Fixes HIGH-003, LOW-015.

Co-Authored-By: Claude Opus 4.8 (1M context) <noreply@anthropic.com>
When the control and capture differed in width, compareSlug warned and
returned null, omitting the slug entirely — no row, no diff image, no entry
in the comparison count. A width change is itself a visual regression (a
collapsed layout, an appearing/disappearing scrollbar), so the report showed
"all clear" for exactly the pages that changed most, with only a console
warning that scrolls past.

Generalize padImage to pad onto a common width-and-height canvas (returning
the image untouched when it already fits, which also avoids a needless copy),
and pad both images that way before pixelmatch. A width change now surfaces
as a large diff and the slug appears in the report. The test that asserted a
width mismatch returns null is rewritten to assert the new contract.

Fixes MED-005.

Co-Authored-By: Claude Opus 4.8 (1M context) <noreply@anthropic.com>
compare processed every (target × viewport) pair in a single serial loop,
each iteration decoding two PNGs and running pixelmatch synchronously on the
main thread — so the whole run was single-core and the event loop was blocked
start to finish, while capture (next to it) already ran in parallel.

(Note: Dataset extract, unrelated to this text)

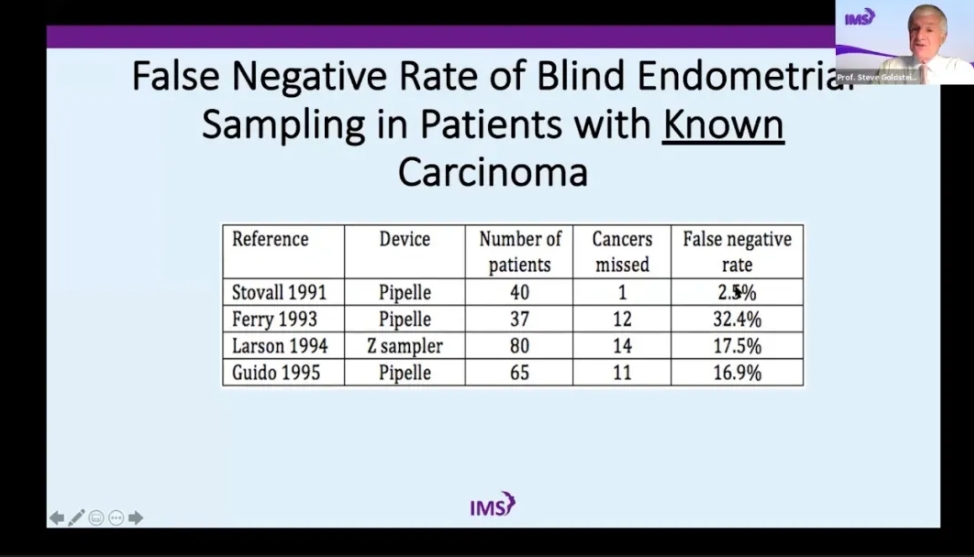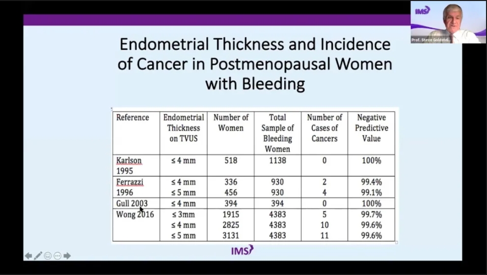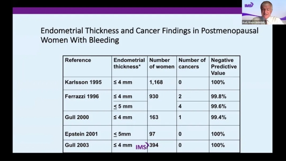 在早期观察性研究中,Steve Goldstein 于1990年首次报道了超声内膜为7mm,被认为是最薄内膜的子宫内膜癌1。此后相继有很多学者参与到子宫内膜厚度与子宫内膜癌相关性的研究中。以Steve Goldstein 教授多年的临床经验,最常见的增厚的子宫内膜常出现在子宫内膜息肉和单纯性增生中。那么,经阴道超声是否能预测哪些患者缺乏足够的内膜组织,可以避免进一步行子宫内膜诊刮或活检?

- Run each comparison in a worker_threads pool (src/compare-worker.mjs) that
  reuses workers off a shared queue, so diffs spread across cores, the main
  thread stays responsive, and a slow slug doesn't gate the others
  (HIGH-005).
- Bound peak memory by capping the pool: each in-flight comparison holds
  several large RGBA buffers, so concurrency defaults to CPU-count − 1 and is
  tunable via --compare-concurrency for very tall pages / constrained runners.
  padImage now returns the image untouched when no padding is needed, dropping
  a redundant full-buffer copy (HIGH-006).
- Guard the HTML line-diff: skip snapshots over 2MB (which otherwise grind
  through diffLines for no useful result) and build the diff via array-join
  instead of repeated string `+=` (MED-008).

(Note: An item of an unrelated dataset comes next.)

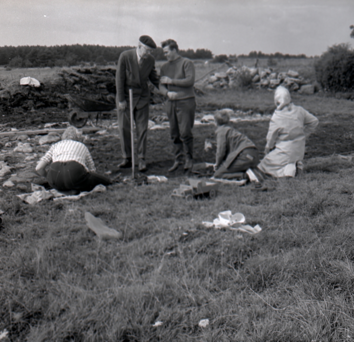 Kung Gustaf VI Adolf med Ulf Erik Hagberg och några andra som gräver vid Skedemosse.

A full dimension-aware memory budget was left out as a deliberate
simplification; the configurable cap plus reduced allocation is the pragmatic
bound. An end-to-end compare() test exercises the pool.

Fixes HIGH-005, HIGH-006, MED-008.

Co-Authored-By: Claude Opus 4.8 (1M context) <noreply@anthropic.com>
Capture ran targets in fixed batches joined by `Promise.all`, with two costs:
the stagger delay was `j * staggerDelay` (an absolute delay from batch start),
so the last context in each batch waited `(concurrency-1) * stagger` before
starting — raising concurrency to go faster grew that tail and re-burst the
herd at every batch boundary; and `Promise.all` waited for the whole batch, so
one slow target (a page hitting the timeout × retries) blocked the finished
contexts from picking up new work.

Use a queue-based pool instead: `concurrency` workers each pull the next
target as soon as they finish, so throughput is bounded by total work over
concurrency rather than by the slowest target per batch, and the stagger is
applied once per worker at startup. Failure collection is unchanged.

Fixes MED-007.

Co-Authored-By: Claude Opus 4.8 (1M context) <noreply@anthropic.com>
Each capture stacked three overlapping waits: goto with waitUntil
'networkidle' (already idle-bounded), a fixed-cadence auto-scroll (100ms per
500px step — ~3s to scroll a 15000px page regardless of load speed), and a
hand-rolled busy-poll waitForNetworkIdle that re-confirmed idle with a 3s cap
shorter than the 15s goto timeout (so lazy assets could be cut off).

Reconcile MED-006 (drop the redundant double wait, speed the scroll) and
LOW-013 (the post-scroll cap is too short and not configurable) into one
change:
- autoScroll now scrolls to the bottom and repeats only until the page height
  stabilizes (50ms between checks, capped at 100 iterations), so short pages
  settle almost instantly and tall ones keep going as content loads.
- Replace the busy-poll with a single event-driven
  page.waitForLoadState('networkidle') after scrolling, bounded by a
  configurable timeout and best-effort (a never-idle page still screenshots).
- goto and settle timeouts are now configurable via a `timeouts` block in
  reglance.json (defaults: goto 15000, settle 8000 — up from the old 3000 cap).

Fixes MED-006, LOW-013.

Co-Authored-By: Claude Opus 4.8 (1M context) <noreply@anthropic.com>
Capture launched Chromium with --ignore-certificate-errors unconditionally,
so TLS validation was off for every run — including when pointed at a public
HTTPS host, where a swapped or expired cert would be captured silently.
(The ignoreHTTPSErrors flag was also passed to launch(), where it has no
effect; it belongs on the browser context.)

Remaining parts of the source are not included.